Task statement:
What you output must be the exact lines from the first line of the data through the one holding "Outro post exemplar", with no pictures.

Provided data:
= = = =
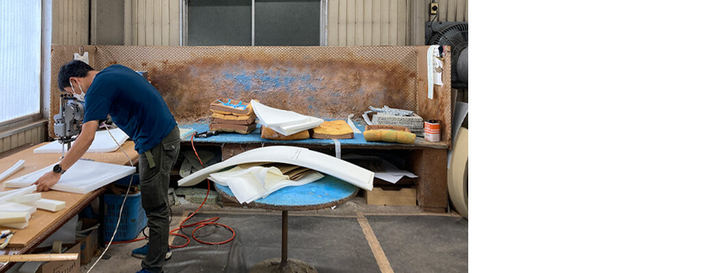 ウレタンをフレームに貼るスペースです。椅子の座り心地を左右する重要な工程です。
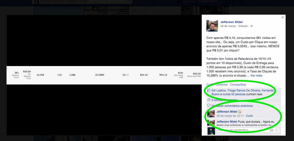 Outro post exemplar foi feito pelo meu amigo Jefferson Midei, que também postou uma estratégia de anúncios que ele estava utilizando. Isso gerou mais de 50 curtidas e dezenas de comentários. O resultado final foram várias pessoas pedindo consultoria para ele. Confira o post logo abaixo:
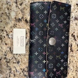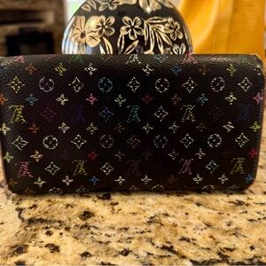 Discover the elegance of the Louis Vuitton Multicolor Monogram Wallet. This stylish accessory features a vibrant multicolor design on a classic black background, perfect for adding a touch of luxury to your everyday essentials. Good condition no peeling.
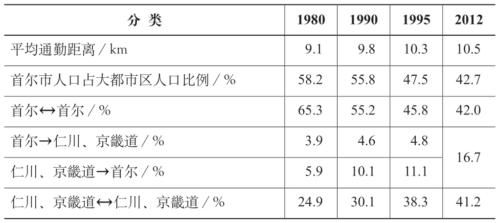 从具体的出行量分布数据来看,自1980 年以来,首尔市内部出行总量一直处于下降趋势(表5),这与整个大都市区人口总量的增长存在一定关系,但是在人均出行率指标没有太大变化的背景下,其内部出行分担率下降速率明显快于人口总量增长所稀释的增长幅度,说明首尔至大都市区外围地区的联系呈增长态势,职住分离日趋明显,平均出行距离一直处于增长态势。
= = = =
Written reply:
 ウレタンをフレームに貼るスペースです。椅子の座り心地を左右する重要な工程です。
 Outro post exemplar foi feito pelo meu amigo Jefferson Midei, que também postou uma estratégia de anúncios que ele estava utilizando. Isso gerou mais de 50 curtidas e dezenas de comentários. O resultado final foram várias pessoas pedindo consultoria para ele. Confira o post logo abaixo:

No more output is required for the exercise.